4 months old. Echo blower with rotary carb rb-k70. The adjustment for the carb is 30 days, then you pay. At the beginning would not throttle up - they did a carb adjustment. Now 4 months and it is probably broken in per the echo manual whici says do final adjustment after 2 full hours use/2 full tankfulls. 
Seems a little under powered. Idle is 3300 rpm which is just above spec per manual. Max full throttle is 6900 which is 400-800 rpm low. Now question is on carb adjustment of this. I believe the high speed mixture is in an opening below the primer bulb. Then there is a "anti-tamper" plug. How does it come out and can i actually access the adjustment screw at that point? Need special tools and can anyone direct me to which specific ones?
I really do not want to pay to have this done at the local that I bought it from. It also seems a bit less powered that my old sears/poulan 32cc.


----------



## 30yearTech (Sep 14, 2006)

The carburetor for all intensive purposes, is not adjustable. If the problem is with the carburetor, then it's likely not just an adjustment. It could be a restricted exhaust port if your problem is low power, old fuel can also cause low power. On something this new, I would not mess with it. A good dealer should take care of any issues under the warranty. If your local dealer will not, I would contact Echo to find a dealer that will take care of it for you.


----------



## smeltjr (May 8, 2005)

30 YR. Thnx.
Followup. Had it in at the dealer and no questions asked. Took me in the back. FYI there is a safety cap and there is a high speed mixture that is under the primer bulb.
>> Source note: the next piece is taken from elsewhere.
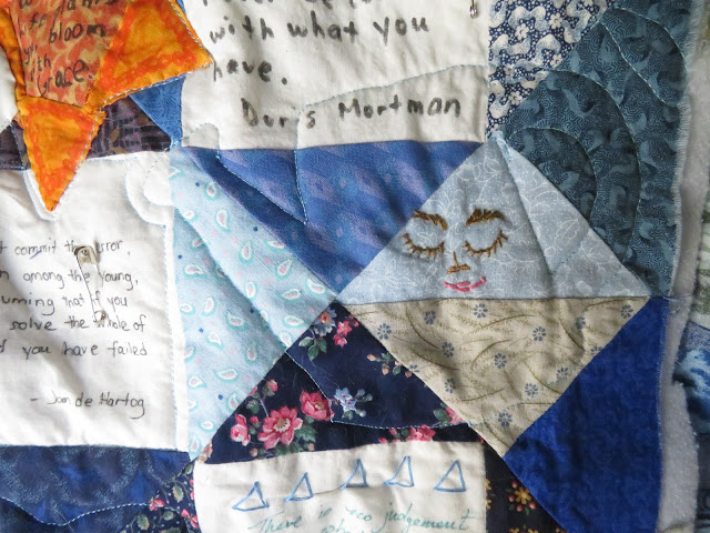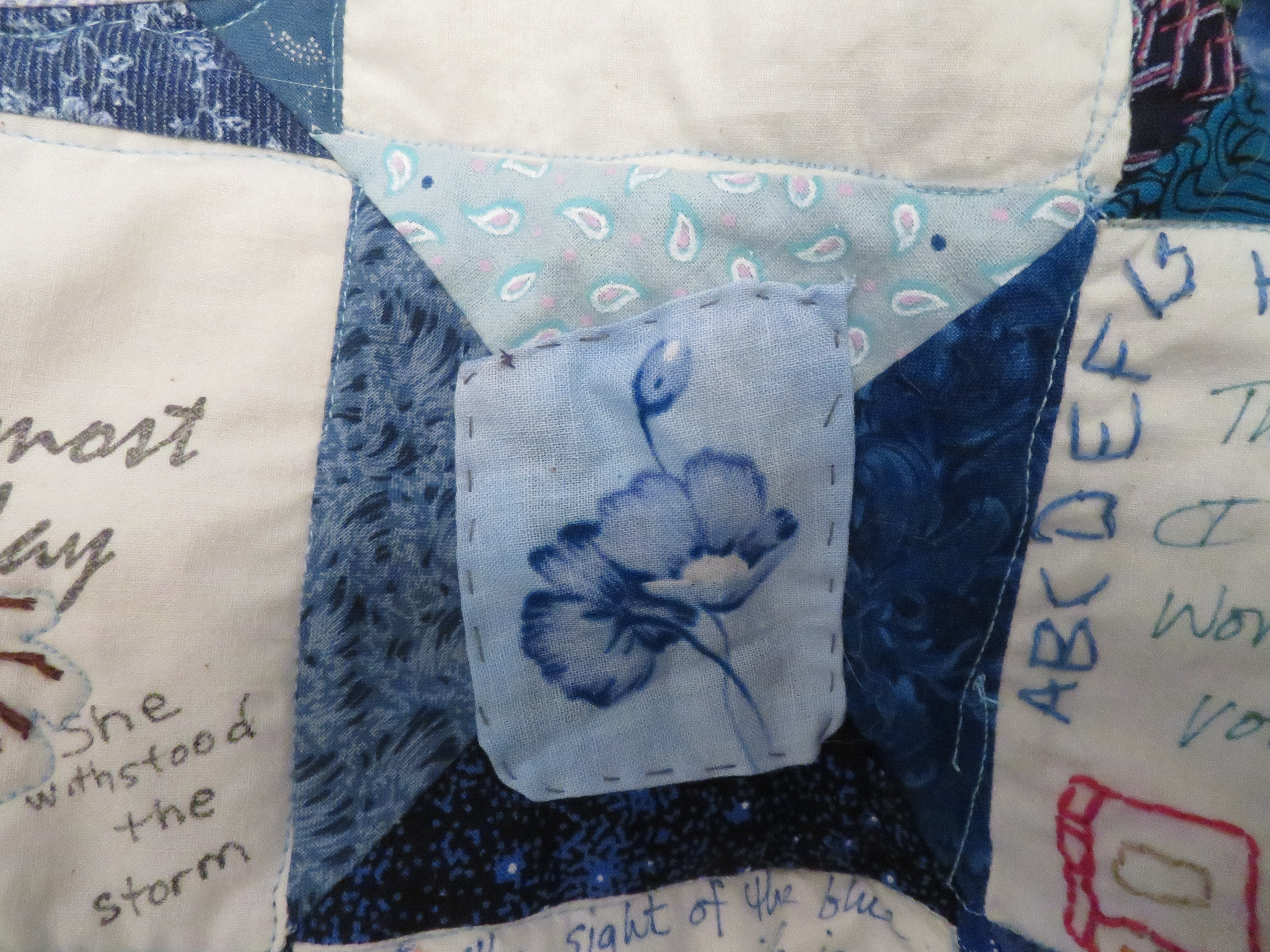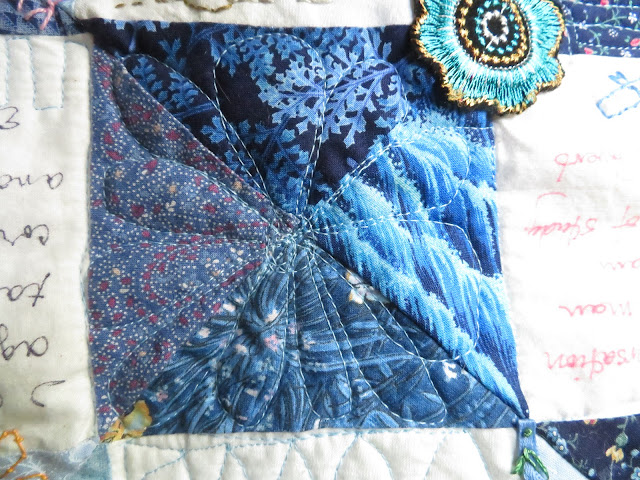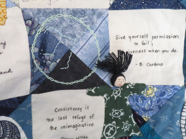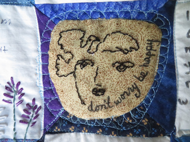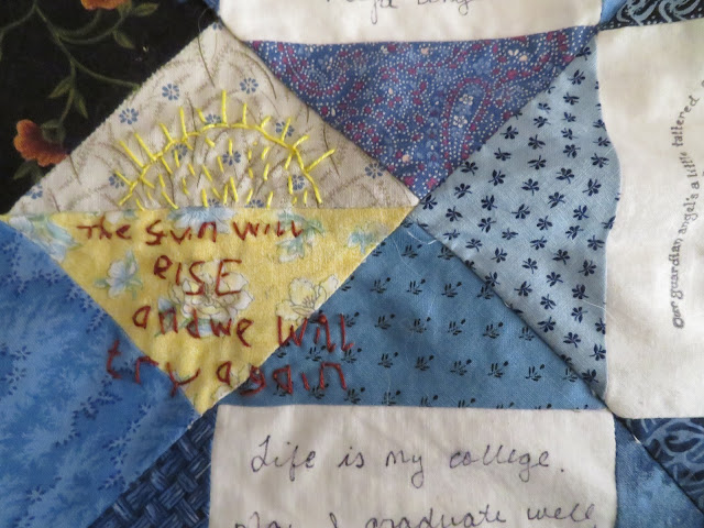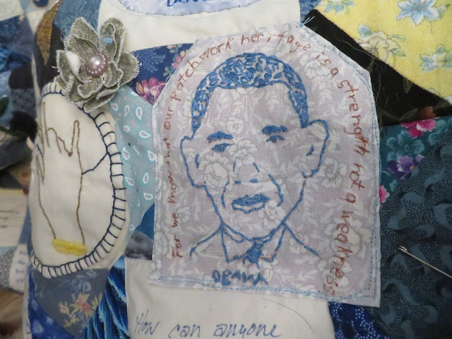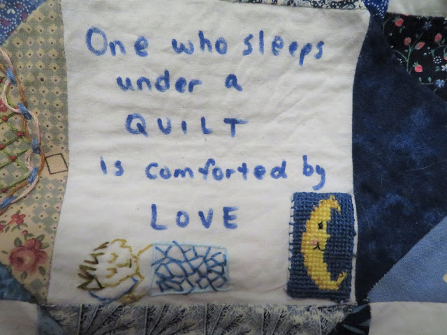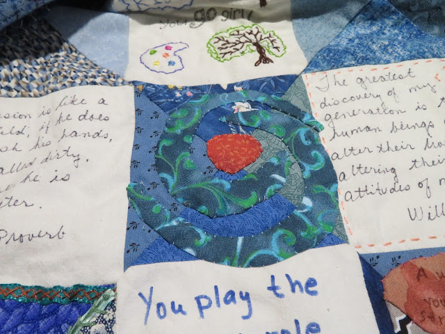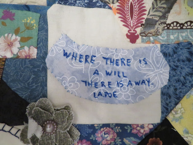When I was showing the additions I was making to the Inspirational Quote Crazy Quilt, lots of my blog friends said they would like to see the quilt in person. The photographs just don't show the size of the additions, how they work with the other motifs that are around it, or where in the quilt the motifs are.

Black plastic/rubber thing he pulled out and exposed a small brass screw. Leaned it about 1/8 turn and up to spec at 7450 rpm. He left the cap off but said I can lways bring it back as these rotries are indeed ficlkle but it is a good machine. If it helps anyone down the road.


----------



## 30yearTech (Sep 14, 2006)

smeltjr said:


> 30 YR. Thnx.
> Followup. Had it in at the dealer and no questions asked. Took me in the back. FYI there is a safety cap and there is a high speed mixture that is under the primer bulb. Black plastic/rubber thing he pulled out and exposed a small brass screw. Leaned it about 1/8 turn and up to spec at 7450 rpm. He left the cap off but said I can lways bring it back as these rotries are indeed ficlkle but it is a good machine. If it helps anyone down the road.


I know about the cap, it's actually a violation of E.P.A. rules for anyone to tamper with the settings, other then an authorized dealer. It's a violation to leave the cap off as well. Newer oxygenated fuels can affect mixture settings, make sure to use at least an 89 octane fuel.


----------